Y Carmencita buscó con la mirada una confirmación en su madre; y, apenas la obtuvo, corrió a besar a Antonio, que recibió abrumado aquel regalo imprevisto. De vuelta a Madrid, Carmencita no paró de hacerle preguntas, en una avalancha de curiosidad que, como las cerezas de un cesto, se enredaba en mil preguntas consecutivas o afluentes, una fronda gozosa de preguntas en constante crecimiento en la que Antonio retozaba a placer, aunque muchas de las preguntas de Carmencita desbordasen sus conocimientos, sus intuiciones, su capacidad de inventiva incluso. Pensó entonces Antonio que ante una niña como Carmencita su simulacro de vida no hubiese tardado ni media hora en desmoronarse; porque la inteligencia del niño, al no apoyarse en las muletas de la experiencia, cuestiona todo lo que el adulto da por sobreentendido. Y, al cuestionarlo, somete la vida a constante interrogatorio, como si cada día el mundo se inaugurase otra vez. Si Antonio había logrado sostener su simulacro de vida era porque se había desenvuelto en un mundo, el de los adultos, en el que se aceptaban muchas cosas que Carmencita no hubiese aceptado jamás, en el que cualquier explicación anodina bastaba para salir del paso, en el que las palabras gastadas y las pasiones estereotipadas eran moneda de curso corriente. Antonio prefería el mundo que habitaba Carmencita, donde nada estaba clasificado ni etiquetado; y quería quedarse a vivir allí, quería volver a mirar el mundo como ella lo miraba, creándolo de la nada a cada instante, como el Dios del Génesis.

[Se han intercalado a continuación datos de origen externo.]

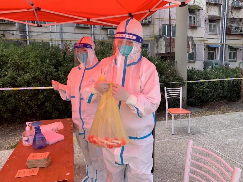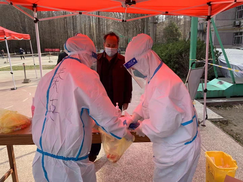 然而隨著疫情越發(fā)嚴(yán)重,小區(qū)核酸檢測員人手又緊張了起來,“我可以,這幾天我都學(xué)會(huì)了,最基本的我都會(huì)”秦英又是第一個(gè)舉手到最前線。這下她更忙了,每天凌晨三點(diǎn)起床做飯,五點(diǎn)社區(qū)報(bào)到,一直堅(jiān)守到晚上八點(diǎn)。為了節(jié)省防護(hù)服,她一般都要等到中午2點(diǎn)多鐘才休息吃飯,這股毅力讓社區(qū)、街道領(lǐng)導(dǎo)看在眼里,服在心上,連一直牢騷怪話的幾個(gè)群眾也為她由衷地豎起大拇指。

—Hija, deja de hacerle preguntas a Antonio, que lo vas a marear —la reprendía su madre.

—Que no, mujer, si yo estoy encantado. Déjala que pregunte todo lo que quiera.

E imaginaba una vida colmada de preguntas, atestada de preguntas, una vida de incesantes asombros al lado de ambas, en la que nada estuviese gastado ni repetido, como una resurrección de la carne que lo redimiese de la existencia infernal que hasta entonces había sobrellevado. En esa vida presentida, que ya era su único designio, pensaba mientras agotaba las postrimerías de su simulacro de vida; en esa vida de eterna novedad, como un libro con las páginas en blanco, pensaba mientras extraía los fajos de billetes de los rodapiés del piso del Retiro y los iba disponiendo en el doble fondo de las maletas, como un muro de ladrillos que preservaría su nueva vida incólume. Sólo dejó fuera de las maletas medio millón de pesetas, el tributo que le habían exigido Nina y Camacho a cambio de su silencio; que pretendía ser un silencio a plazos, pero que Antonio esperaba convertir en silencio a perpetuidad. Mientras caminaba hacia la calle de Leganitos, lo sobresaltó, como un latigazo de angustia, la sospecha de que Carmen pudiera traicionarlo; pero enseguida desestimó este pensamiento funesto que, aunque se cumpliese, no cambiaría sus planes. A fin de cuentas, si tal cosa ocurriera todo le importaría un ardite: Carmen lo había resucitado; y si Carmen dejaba de alumbrarlo, prefería la muerte, antes que el simulacro de vida que hasta entonces había mantenido. Pero tal cosa no iba a ocurrir.

Lo supo, con certeza indubitable, cuando Carmencita, vestida ya con el pijama, corrió desde el fondo del pasillo, para arrojarse alborozada a sus brazos, apenas traspuso el umbral de la casa. Dejó las maletas sobre el suelo del vestíbulo y alzó a la niña hasta el techo, columpiándola en el aire.

—¿Sabías que mamá y yo nos vamos mañana a Francia?

Antonio se fingió enfurruñado:

—¡No me digas! ¿En serio que os vais? ¿Y a mí pensáis dejarme aquí solo?

Le buscaba las cosquillas, mientras la columpiaba. Carmencita reía hasta descoyuntarse.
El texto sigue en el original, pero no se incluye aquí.